Fast jede Kommune weist mittlerweile Gewerbegebiete aus. Ein Konkurrenzkampf, bei dem Rosenheim immer häufiger das Nachsehen hat, weil es in den Nachbarorten günstigere Gewerbeflächen gibt. „Wir verlieren relativ viele gute Betriebe an das Umland“, bestätigte Wirtschaftsdezernent Thomas Bugl im Ausschuss das Ergebnis der IHK-Umfrage. Das liege unter anderem daran, dass die Grundstückspreise in Rosenheim etwa 2,5-mal höher seien als in der Region. Deshalb setzt die Stadt auch auf die Ausweisung eigener Gewerbegebiete – aktuell neu in Brucklach. Oberbürgermeisterin Gabriele Bauer würde außerdem gerne viel öfter interkommunal zusammenarbeiten bei der Ausweisung von Gewerbegebieten – so wie derzeit am Oberfeld.

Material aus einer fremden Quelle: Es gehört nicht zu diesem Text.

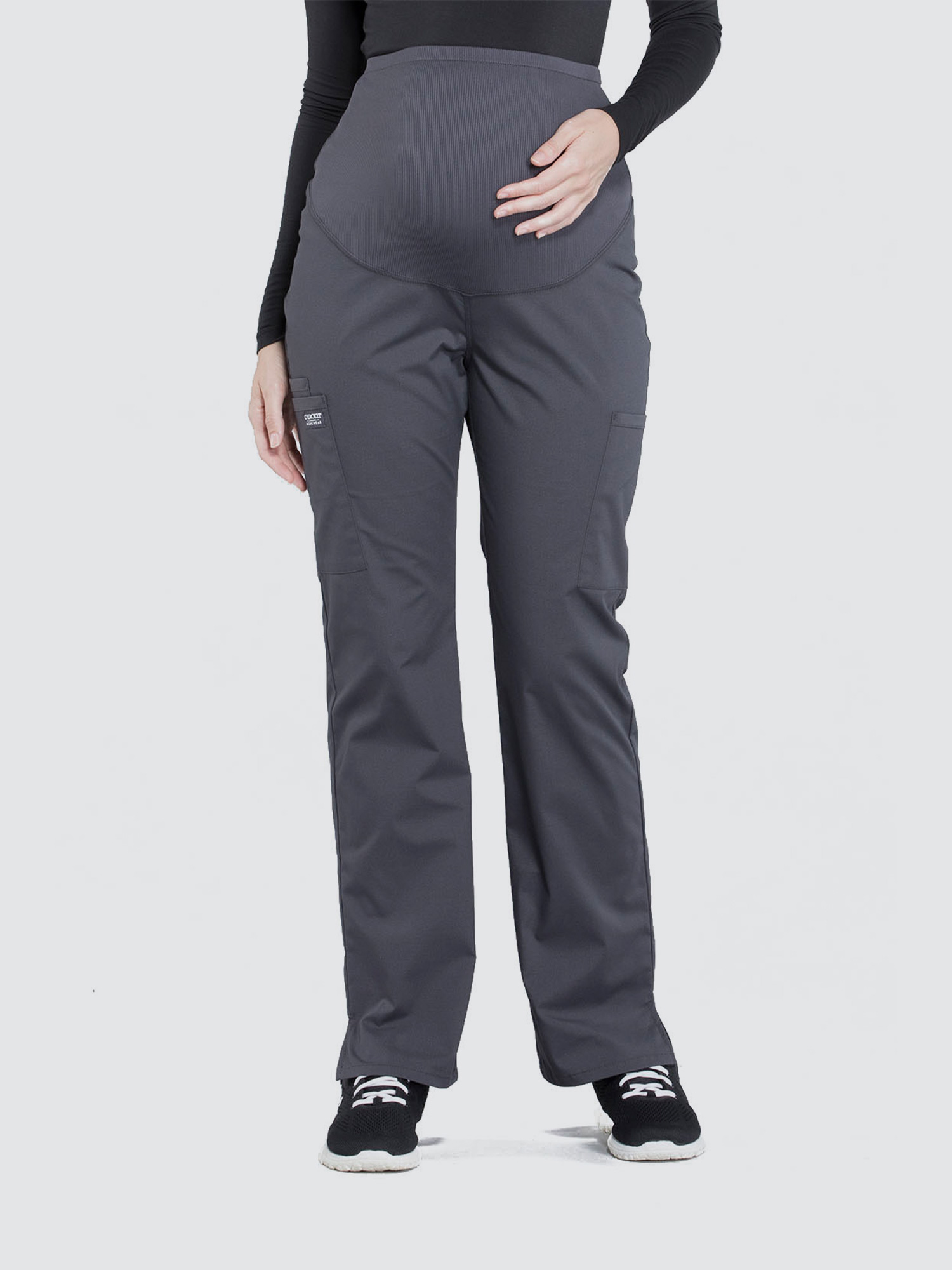 From Cherokee we have a straight leg trouser featuring a soft rib knit panel that stretches over your belly for maximum coverage and support.

Ein weiterer Standortnachteil macht der Wirtschaft zu schaffen, den Janhsen jedoch als nicht Rosenheim-spezifisch bewertete: die Bürokratie. Das verwundert aus zwei Gründen nicht: Der Durchschnittsbürger hat nach Informationen der IHK zweimal im Jahr Kontakt mit einer Verwaltung, ein durchschnittliches Unternehmen 100-mal. Die Oberbürgermeisterin betonte, dass die meisten bürokratischen Auflagen und Regulierungen nicht hausgemacht, sondern vom Gesetzgeber der Stadtverwaltung aufgedrückt würden. Außerdem hakt es bei der Digitalisierung von Verwaltungsvorgängen: Es fehlen Schnittstellen und Zugänge, berichtete CSU-Stadtrat und IHK-Regionalausschussvorsitzender Andreas Bensegger.
Hohe Grundstücks- und Mietpreise, zu wenig bezahlbarer Wohnraum, zu viel Bürokratie: Fast zehn Prozent mehr Unternehmen als 2015 (28 Prozent) sprachen in der aktuellen IHK-Umfrage von einer Wachstumsverzögerung durch Standortmängel. Trotzdem würden 85 Prozent sich erneut für Rosenheim entscheiden – ein guter Wert, so Janhsen. „Ein knallhartes Manko gibt es für Rosenheim nicht“, beruhigte er den Ausschuss. Und appellierte: „Keine ruckartigen Kurskorrektoren.“ Bei Wohnraumbeschaffung und Bürokratieabbau benötigt eine Kommune sowieso den langen Atem.